Problem requirements — The lines to copy run from the one containing "Tolosaldeko eta Goierriko" to the very end of the records; give them exactly, and only them, without pictures.

^^^^

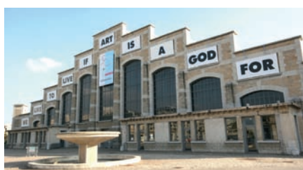
La Halle Tony Garnier

Avec ses grandes écoles et son Biopôle spécialisé dans les sciences du vivant, on dit souvent que Gerland est un territoire du savoir, tourné vers les technologies du futur. Mais l'histoire de l'arrondissement a épousé nombre de changements, qui lui ont conféré une identité forte. A l'époque gallo-
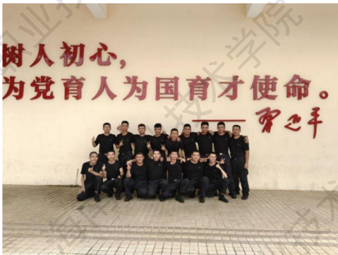
图 4-5 开展 2022 年综合执法点新招辅警岗前培训

自身的表达能力，增强了创新能力，激发了大学生和社会人群学科学、爱科学、用科学的热情。该活动在人工智能科普馆现场教学授课，持续开展，每周进行。“大手牵小手—无限世界”科技志愿者团队获得由团中央青年志愿者行动指导中心，中国青年志愿者协会秘书处，中国科学技术协会宣传文化部共同颁发的 2022 年全国大学生科技志愿服务示范团队。
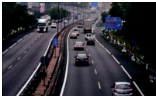
N-1 errepidearen ertzean elkartu dira 120 ordezkariak. I.G.L.

Tolosaldeko eta Goierriko sindikatuko 120 ordezkari elkartu dira N-1 errepideko Irura eta Villabona arteko zatian protesta egiteko 03
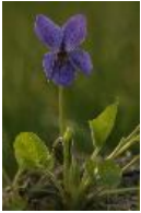
Duftveilchen, Märzveilchen, Wohlriechendes Veilchen - Viola odorata L.
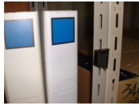
3. 接着する(圧着する)

^^^^

Response —
Tolosaldeko eta Goierriko sindikatuko 120 ordezkari elkartu dira N-1 errepideko Irura eta Villabona arteko zatian protesta egiteko 03
Duftveilchen, Märzveilchen, Wohlriechendes Veilchen - Viola odorata L.
3. 接着する(圧着する)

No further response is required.